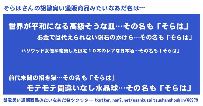 | 意味不明あだ名 | 『住所不定無職そらは(41歳)』 |
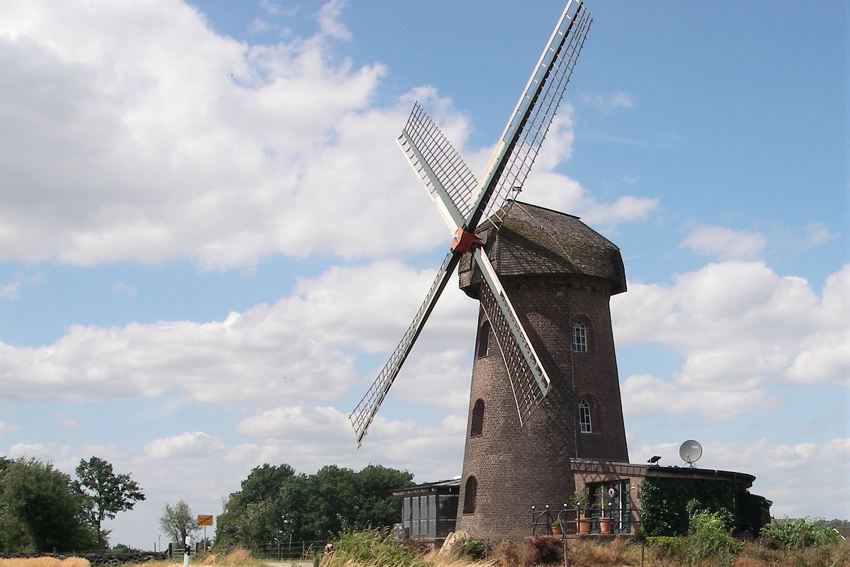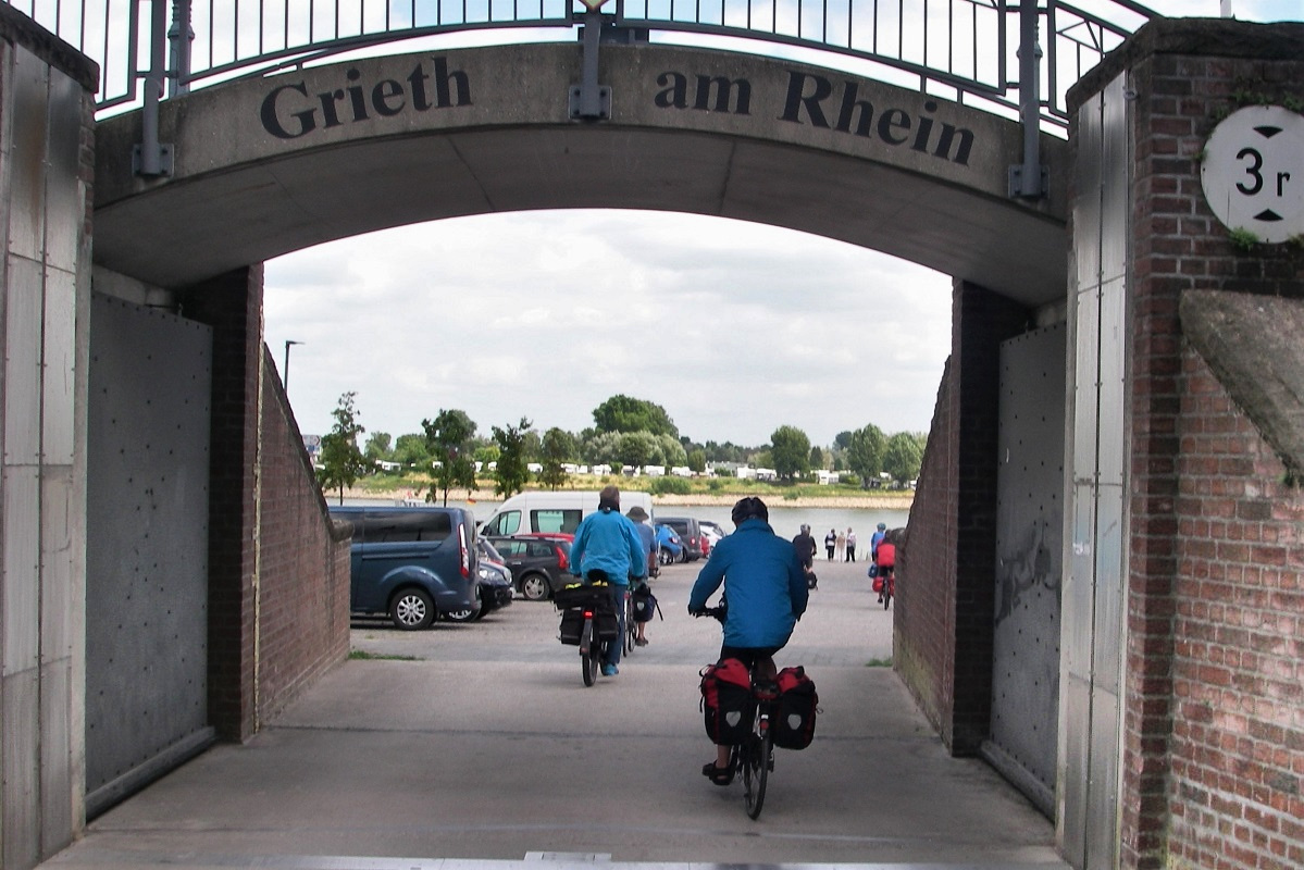 Noch fünfzehn Kilometer und wir erreichen den ehemaligen Fischerort Grieth nahe bei Kalkar den Rhein. Obwohl der Ort weniger als 1000 Einwohner hat er wegen der Einheit von Kirche, Marktplatz und dichtbebauten Straßen und Gassen einen kleinstädtischen Charakter. Hier pendelt in den Sommermonaten eine autofreie Fähre über den Rhein.
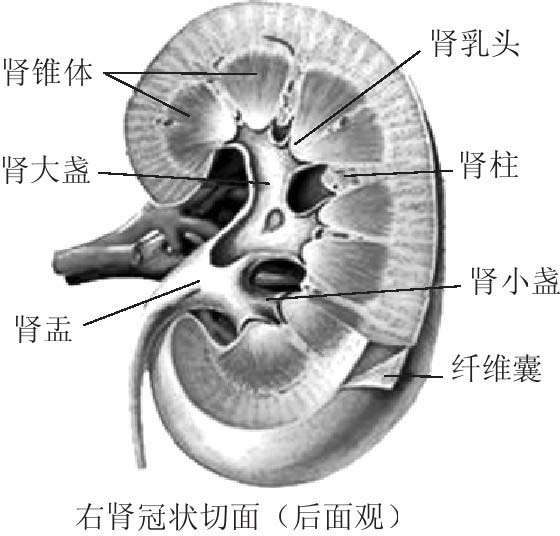 肾脏内部结构见图2-30。肾脏由肾实质和肾盂组成,肾实质又可分为皮质和髓质两部分。肾皮质血管丰富,色暗红,主要由肾小体组成,是肾的泌尿部。肾髓质由集合管和乳头管组成,色较浅,是肾的排泄部。每个肾的实质包括100多万个肾单位。肾单位是肾脏结构与功能的基本单位。肾内有一个漏斗形的空腔为肾盂,它与输尿管相通。
▬▬▬
• _Assignment_:
Only text belongs in the copy: repeat each line of the data exactly and leave out the pictures.

• _Output for this task_:
 | 意味不明あだ名 | 『住所不定無職そらは(41歳)』 |
 Noch fünfzehn Kilometer und wir erreichen den ehemaligen Fischerort Grieth nahe bei Kalkar den Rhein. Obwohl der Ort weniger als 1000 Einwohner hat er wegen der Einheit von Kirche, Marktplatz und dichtbebauten Straßen und Gassen einen kleinstädtischen Charakter. Hier pendelt in den Sommermonaten eine autofreie Fähre über den Rhein.
 肾脏内部结构见图2-30。肾脏由肾实质和肾盂组成,肾实质又可分为皮质和髓质两部分。肾皮质血管丰富,色暗红,主要由肾小体组成,是肾的泌尿部。肾髓质由集合管和乳头管组成,色较浅,是肾的排泄部。每个肾的实质包括100多万个肾单位。肾单位是肾脏结构与功能的基本单位。肾内有一个漏斗形的空腔为肾盂,它与输尿管相通。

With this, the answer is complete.